(Data to process Opens)

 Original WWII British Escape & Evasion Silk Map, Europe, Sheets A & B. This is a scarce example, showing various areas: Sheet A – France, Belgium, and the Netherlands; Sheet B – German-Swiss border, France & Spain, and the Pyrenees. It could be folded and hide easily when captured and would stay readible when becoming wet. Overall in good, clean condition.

(Data to process Closes)
(Data to process Opens)

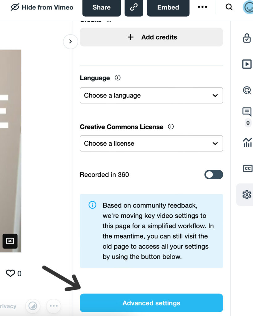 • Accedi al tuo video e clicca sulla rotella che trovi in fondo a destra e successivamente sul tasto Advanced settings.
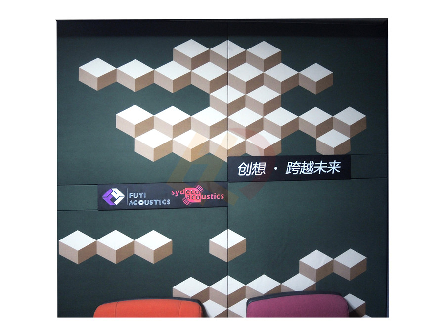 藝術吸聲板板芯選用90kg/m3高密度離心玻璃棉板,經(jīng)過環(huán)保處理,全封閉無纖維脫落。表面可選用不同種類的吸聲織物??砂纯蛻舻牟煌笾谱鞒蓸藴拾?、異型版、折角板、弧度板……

(Data to process Closes)
(Data to process Opens)

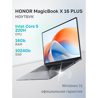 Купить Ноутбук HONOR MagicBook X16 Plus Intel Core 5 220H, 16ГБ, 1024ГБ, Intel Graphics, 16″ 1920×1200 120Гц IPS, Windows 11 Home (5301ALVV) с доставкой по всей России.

(Data to process Closes)

Reproduce the listing above from the line that holds "tasto Advanced settings." through the line that holds "藝術吸聲板板芯選用90kg/", both included, with the pictures left out.

The completed task:
 • Accedi al tuo video e clicca sulla rotella che trovi in fondo a destra e successivamente sul tasto Advanced settings.
 藝術吸聲板板芯選用90kg/m3高密度離心玻璃棉板,經(jīng)過環(huán)保處理,全封閉無纖維脫落。表面可選用不同種類的吸聲織物??砂纯蛻舻牟煌笾谱鞒蓸藴拾?、異型版、折角板、弧度板……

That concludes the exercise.